Available Borrowings, Cash Balances and Capital Resources

        We have typically financed our capital needs through investor equity commitments, long-term secured mortgages, and unsecured short-term credit facilities and term loans. As of June 30, 2016 and December 31, 2015, we had total indebtedness, exclusive of debt included in liabilities associated with assets held for sale, of $939,767,000 and $656,835,000, respectively. Included in total indebtedness is $385,000,000 and $492,000,000 of borrowings under credit and term loan facilities with total capacity of $835,000,000 and $942,000,000 at June 30, 2016 and December 31, 2015, respectively. As of August 5, 2016, $385,000,000 ($0 under the revolver and $385,000,000 under the term loans) was outstanding under the credit and term loan facilities, and $450,000,000 was available for future borrowings.

Cash Flow Analysis

        As a REIT, our cash flows from operations are typically used to fund our dividends.

        Our cash and cash equivalents, inclusive of cash associated with assets held for sale, totaled $69,253,000 and $140,572,000 at June 30, 2016 and December 31, 2015, respectively. Our cash flows from operating activities are primarily dependent upon the occupancy level of our real estate assets, the rental rates achieved through our leases, and the collectability of rent and recoveries from our tenants. Our cash flows from operating activities are also impacted by fluctuations in operating expenses and other general and administrative costs.

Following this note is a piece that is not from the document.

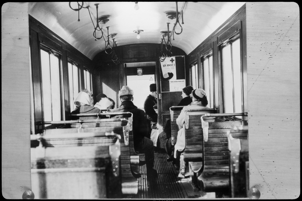 Resenärer i Luossavaara-Kiirunavaara Aktiebolag, LKAB spårvagn.

Net cash provided by operating activities totaled $33,558,000 for the six months ended June 30, 2016 compared to $37,050,000 for the six months ended June 30, 2015. The decrease was mainly due to a decrease of $5,667,000 resulting from increased funding for loans held for sale and a decrease of $4,612,000 in net income adjusted for the gain on sale of real estate, partially offset by an increase of $4,214,000 in proceeds from sale of guaranteed loans, an increase of $1,007,000 resulting from a lower level of working capital used and an increase of $1,212,000 from other operating activity.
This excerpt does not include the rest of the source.